The secreted extracellular portion, denoted sTNF, consists of 157 amino acids. Unlike tmTNF, sTNF can only bind to TNFR1. The secondary structure of sTNF consists primarily of alternating strands that join into two sheets, known as antiparallel β-sheets. The two sheets are layered on top of each other, forming a wedge shape known as an antiparallel β-sandwich. Remarkably, this structure is similar to those seen on the coats of viruses. The last 9 residues of the C-terminus are locked into the middle strand of the bottom sheet, and are necessary for bioactivity.

Both tmTNF and sTNF are only bioactive as homotrimers, whereas individual monomers are inactive. The rate at which TNF trimers disassemble is constant, whereas the rate at which TNF trimers assemble increases with TNF concentration. This causes TNF to be mostly trimers at high concentrations, whereas TNF is mostly monomers and dimers at low concentrations. The coexistence of TNF dimers and trimers in dynamic equilibrium suggests that TNF might be a morpheein. Small molecules that stabilize TNF dimers and prevent the assembly of TNF trimers present a potential mechanism for inhibiting TNF.

== Function ==
TNF is a central mediator of the body's innate immune response. By binding to receptors TNFR1 and TNFR2, TNF can induce either cell survival or cell death in a target cell. The cell survival response includes cell proliferation and the activation of inflammatory signals, while the cell death response can either be apoptosis, the controlled death of the cell, or necroptosis, a less controlled death causing inflammation and interference in surrounding tissue. TNF induces cell survival by default, but cell death can be induced by factors such as disruption of inflammatory pathways by pathogens, co-stimulation with other cytokines, and cross-talk between TNFR1 and TNFR2. Additionally, transmembrane TNF (tmTNF) acts as a reverse signaler, triggering a variety of responses in its own cell depending on cell type and stimulant.

=== TNFR1 signaling ===

TNFR1 cell signaling. Red arrows show cell death checkpoints.

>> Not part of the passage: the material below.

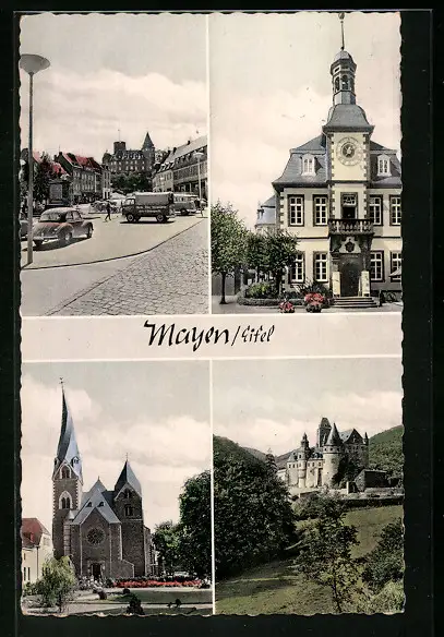 AK Mayen /Eifel, Strassenpartie mit Autos, Rathaus, Kirche

TNFR1 exists in most cell types and binds to both tmTNF and sTNF. TNFR1 contains a death domain in its cytoplasmic tail, enabling it to trigger cell death. Whether TNFR1 activation triggers cell survival or cell death is mediated by the formation of protein complexes: complex I, which leads to cell survival, and complex II, which leads to cell death. By default, TNFR1 activation triggers cell proliferation and inflammation rather than cell death. These inflammatory pathways contain three cell death checkpoints, each of which is critical in preventing cell death.

Upon activation by TNF, TNFR1 trimerizes and forms complex I by recruiting RIPK1 and TRADD, which recruits TRAF2, cIAP1 and cIAP2, and LUBAC. cIAP1 and cIAP2 are ubiquitin ligases that form K63-linked ubiquitin chains, which recruit TAK1 via TAB2 and TAB3. LUBAC is also a ubiquitin ligase that forms M1-linked ubiquitin chains, which attract IKK via NEMO. TAK1 activates the MAPK pathways, as well as IKK, which in turn activates the canonical NF-κB pathway. The MAPK pathways and the NF-κB pathway activate multiple transcription factors in the nucleus, which result in cell survival, proliferation, and inflammatory response. Complex I is negatively regulated by deubiquitinases such as A20, CYLD, and OTULIN, which destabilize complex I.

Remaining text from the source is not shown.